I wonder if it has something to do with the 300 base kit from Illumina? I have looked at the headers, etc. but can't identify the source of the problem.
=========================================================================
LotuS 1.506
=========================================================================
COMMAND
/usr/bin/perl ./
lotus.pl -i /mnt/data2/shandley/vaginal_mircrobiome/16S/april_2016/Undetermined_S0_L001_R1_001.fastq -barcode /mnt/data2/shandley/vaginal_mircrobiome/16S/april_2016/Undetermined_S0_L001_I1_001.fastq -m /mnt/data2/shandley/vaginal_mircrobiome/16S/april_2016/april_mapping_rc.txt -o ./april_test -s sdm_miSeq_300.txt -p miSeq
Checking for updates.. Your LotuS version is up-to-date!

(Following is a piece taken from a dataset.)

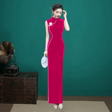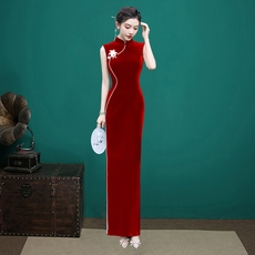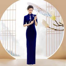 2025秋冬新款改良版中式复古气质民国风长款丝绒走秀演出服旗袍裙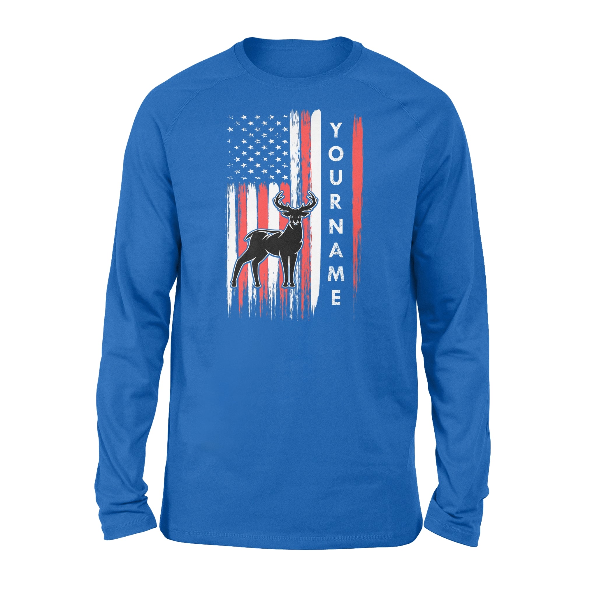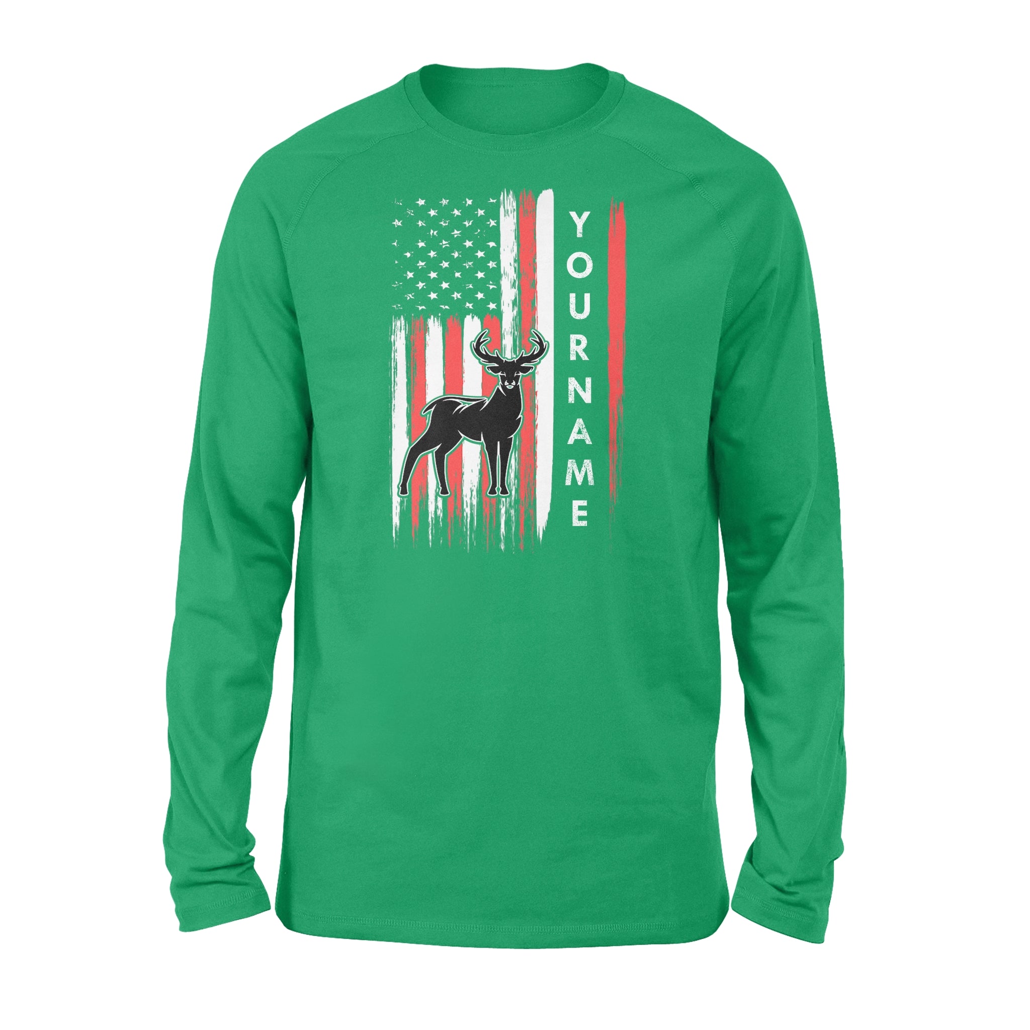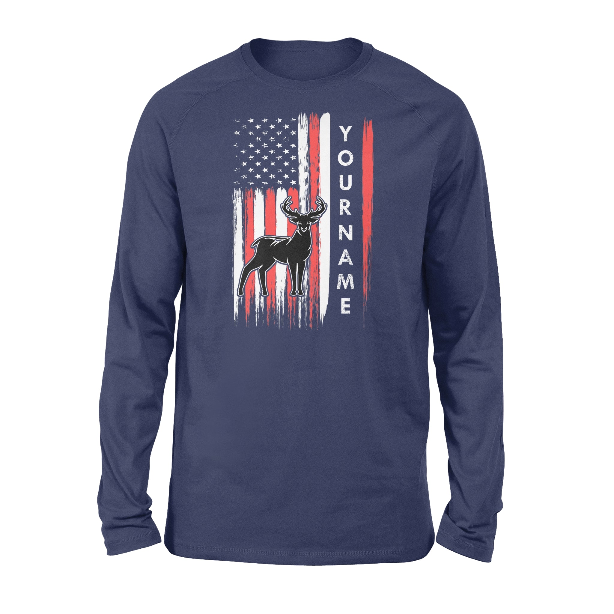 American flag deer hunting custom name shirt, personalized deer hunting apparel Long Sleeve- NQS1206

=========================================================================
Reading mapping file
=========================================================================
Running UPARSE de novo sequence clustering..
Running fast LotuS mode..
------------ I/O configuration --------------
Input= /mnt/data2/shandley/vaginal_mircrobiome/16S/april_2016/Undetermined_S0_L001_R1_001.fastq
Output= ./april_test
Barcodes= /mnt/data2/shandley/vaginal_mircrobiome/16S/april_2016/Undetermined_S0_L001_I1_001.fastq
TempDir= ./april_test/tmpFiles/
------------ Configuration LotuS --------------
Sequencing platform=miseq
AmpliconType=SSU
OTU id=0.97
min unique read abundance=2
UCHIME REFDB, ABSKEW=/home/shandley/install_files/lotus_pipeline//DB//rdp_gold.fa, 2
OTU, Chimera prefix=OTU_, CHIMERA_
TaxonomicGroup=bacteria
--------------------------------------------
=========================================================================
Demultiplexing input files
elapsed time: 2 s
=========================================================================
This is sdm (simple demultiplexer) 1.27 beta.
Reading fastq.
/mnt/data2/shandley/vaginal_mircrobiome/16S/april_2016/Undetermined_S0_L001_R1_001.fastq
Setting to Sanger fastq version (q offset = 33).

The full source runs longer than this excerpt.